The code is site specific. With Amazon I would use scrapy and for pagination they have a method for next page in scrapy that would handle that for you. It’s explained well in the scrapy docs
Awesome boss, Do you think this field of data scrapping will be needed more and more. its 2023 right now and I'm taking a Google Cert on Data Analysis ,Do you think we can be still valuable in Data Scraping ? Its not taught in the class by Google. Please Advise >..JAY Thank you
Hi; I really enjoy this video , my background isn't in programming but I am really interested in this Web Scraping (Data Science) type of work but have no idea or direction as to how to get started, I know on Udemy has some related web scraping courses and how to learn HTML, CSS and Python etc.. I also know that some University or College do offer courses in Data Science, but the cost is very high almost $10,000 for a one year course.

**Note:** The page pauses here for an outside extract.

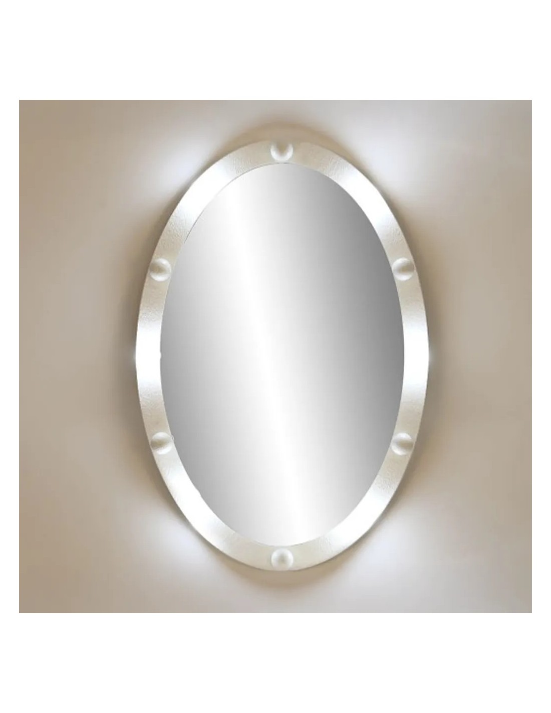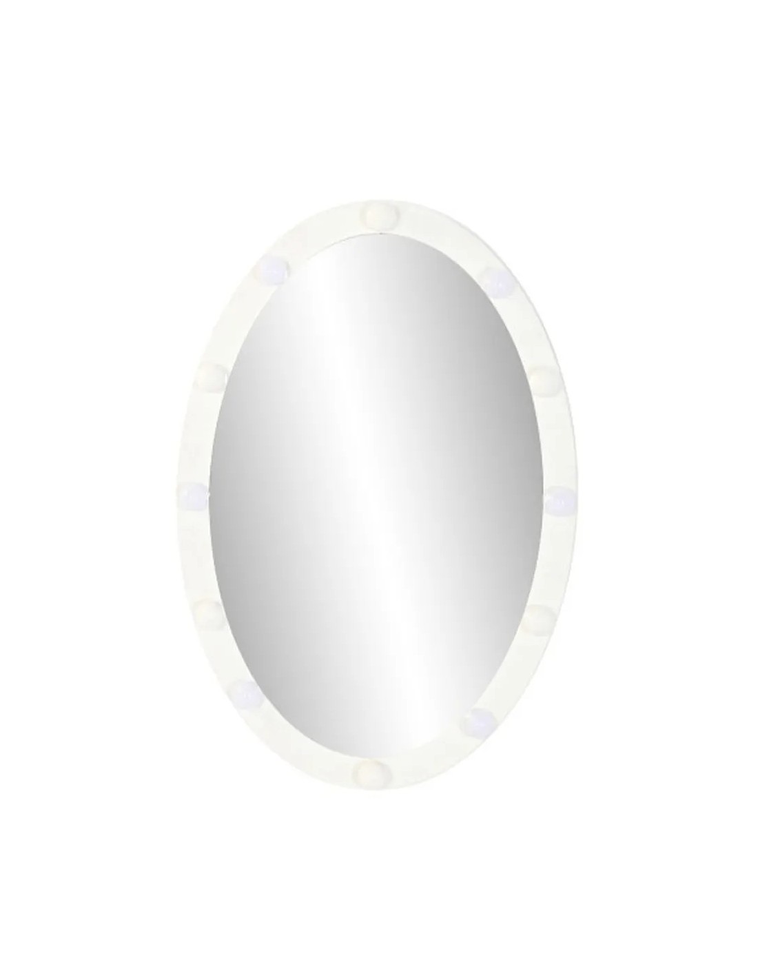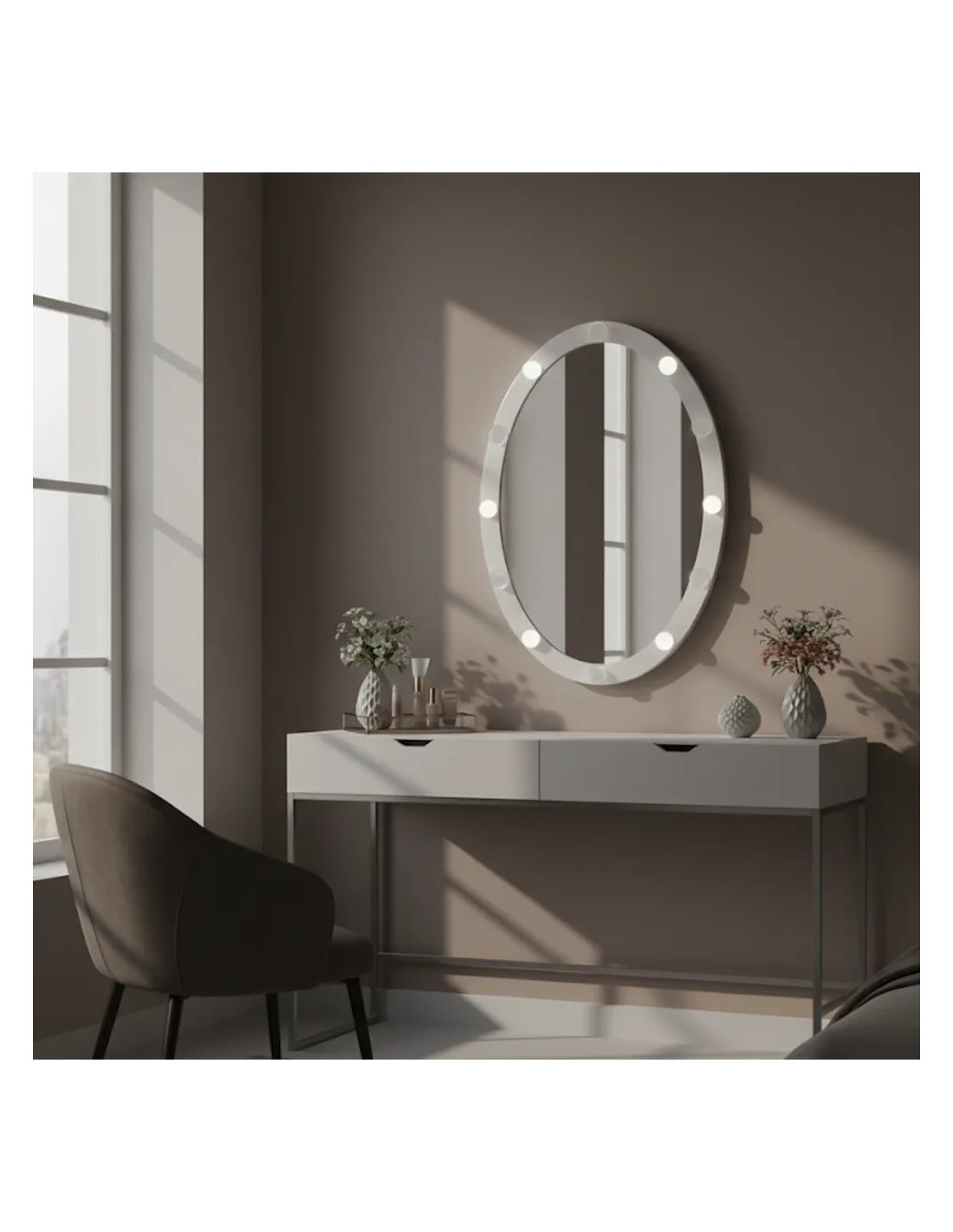 Espejo ovalado blanco 63x91 cm con bombillas LED, ideal para tocadores de dormitorio glamoroso.

Hi there. Web scraping is a very good area to get into especially around data collection. There are a lot of great free youtube resources. I would first try out a few projects before paying that sum of money to an institution. Several time I’ve seen people invest a lot of money in a hot skill but later have no passion for it. To get you started you can view my web scraping courses...all free...enjoy -> czcams.com/play/PLM30lSIwxWOjrr-6zuMj28fC5RxrPY_Tc.html
Hi can you explain why you use format(i) little bit more
You would use .format when you want to format a string to include a variable. If variable X=12 for examples the following code ‘I am happy to be {}’.format(X) would give ‘I am happy to be 12. Hope that helps.
When I run the df.to_excel() I get the openpyxl file not found.
Other than that, good so far.
I can copy the code and run it in Sublime and Gitbash terminal with no errors. And the excel file is produced.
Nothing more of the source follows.